Community steps in to help family with epilepsy

| Pharie Sefali
Siphokazi Rululu and her father, Ayanda Qhara. Picture by Pharie Sefali.

Residents in Khayelitsha came out in their numbers at the weekend to celebrate the donation of a wheelchair and food parcel to a father and daughter who have epilepsy.

Residents and community leaders marched in the streets of Site C on 10 August , singing songs celebrating Women’s Month and showing unity against poverty in the area.

Among the marchers were members of organisations including the ANC Women’s League, Ses’Khona and SANCO.

In June, GroundUp published the story of disabled 14-year-old Siphokazi Rululu and her father, Ayanda Qhara, who both suffer from chronic epilepsy.

Siphokazi’s mother leaves for work in a restaurant chain kitchen at 6am and returns at 7pm four days a week, leaving Siphokazi’s seven year old sister to take care of them.

Siphokazi and her father were very excited about the gifts. The teenager danced on top of the wheelchair as she was pushed around in it, clapping her hands.

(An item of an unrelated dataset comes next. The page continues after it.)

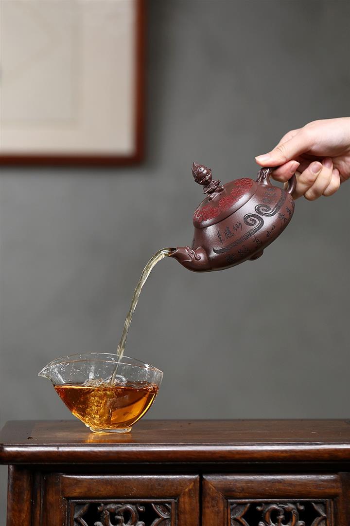 【泥料特點】砂土氣重,似淳實農民,日久使用,漸露鋒芒,養成變化,溫潤莊重。紫砂是壹種雙重氣孔結構的多孔性材質,氣孔微細,密度高。用紫砂壺沏茶,不失原味,且香不渙散,得茶之真香真味。紫砂使用越久,壺身色澤越發光亮照人,氣韻溫雅。紫砂壺長久使用器身會因撫摸擦拭,變得越發溫潤光澤。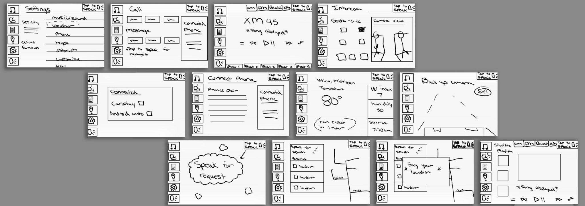 This foundation shaped all later phases of interviews, sketches, low-fidelity sketches, and usability tests were all aligned to one question: Does this layout make it faster and easier to perform core tasks without pulling too much attention off the road?

“What is being done here is very unique and I do not have words to describe the happiness we feel as a family,” said Qhara’s sister, Nowandisile Nikani. “I wish all communities could stand together in unity and help each other. Now the family has hopes of having a brighter future.”

Xolani Dywili, one of the community leaders who initiated the donation, told GroundUp that the community could not just wait for government to do things for them.

“People in this community are suffering and if we wait for some government official to help us then we will wait forever and poverty will kill us,” he said.

“What we did here today is to show that this community is in unity and that the leaders in the community care about the wellbeing of its people. The family has been suffering for many years and we just had to do something about it,” said Dywili.

Dywili said the money to buy the wheelchair came from a local doctor who saw the need to help the family.

Vivian Zilo, the founder of a charity called Iliso Care Society, said the food parcels, which included samp, rice, flour, soaps and oil, were donated by Percy Fox Foundation through her organisation.

She said Iliso Care Society also ran a soup kitchen.

The community could not sit by and do nothing when a family was in need, she said.